4-Methylcatechol
- Names: Preferred IUPAC name 4-Methylbenzene-1,2-diol

Identifiers
- CAS Number: 452-86-8;
- 3D model (JSmol): Interactive image;
- ChEBI: CHEBI:17254;
- ChEMBL: ChEMBL158766;
- ChemSpider: 9564;
- DrugBank: DB04120;
- ECHA InfoCard: 100.006.559
- EC Number: 207-214-5;
- KEGG: C06730;
- PubChem CID: 9958;
- UNII: 12GLI7JGB3;
- CompTox Dashboard (EPA): DTXSID5020861 ;

Properties
- Chemical formula: C_{7}H_{8}O_{2}
- Molar mass: 124.139 g·mol^{−1}
- Hazards: GHS labelling:
- Pictograms: GHS07: Exclamation mark
- Signal word: Warning
- Hazard statements: H302, H312, H315, H319, H335
- Precautionary statements: P261, P264, P264+P265, P270, P271, P280, P301+P317, P302+P352, P304+P340, P305+P351+P338, P317, P319, P321, P330, P332+P317, P337+P317, P362+P364, P403+P233, P405, P501

= 4-Methylcatechol =

4-Methylcatechol is an organic compound with the formula CH3C6H3(OH)2 A white solid, it is one of the isomers of methylbenzenediol.

== Metabolism ==
The enzyme cis-1,2-dihydroxy-4-methylcyclohexa-3,5-diene-1-carboxylate dehydrogenase uses
cis-1,2-dihydroxy-4-methylcyclohexa-3,5-diene-1-carboxylate and NAD(P)^{+} to produce 4-methylcatechol, NADH, NADPH and CO_{2}.

== Related compounds ==
Members of the monocot subfamily Amaryllidoideae present a unique type of alkaloids, the norbelladine alkaloids, which are 4-methylcatechol derivatives combined with tyrosine. They are responsible for the poisonous properties of a number of the species. Over 200 different chemical structures of these compounds are known, of which 79 or more are known from Narcissus alone.

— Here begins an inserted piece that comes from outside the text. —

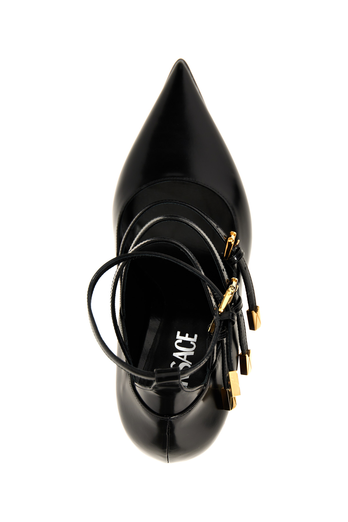 Stormy' leather pointed toe pumps with heel and plateau with notched and wavy edging, V-shaped metal details on the straps with adjustable buckle.

== Production and occurrence==

Calone, a derivative of 4-methylcatechol, is known in the fragrance industry as "watermelon ketone" for its distinctive odor.

The brand of low-temperature coke used as a smokeless fuel Coalite obtains homocatechol from ammoniacal liquor by solvent extraction, distillation and crystallisation.

Being structurally related to lignans, it is contributes to the aerosol generate by combustion of wood.

It is a component of castoreum, the exudate from the castor sacs of the mature beaver.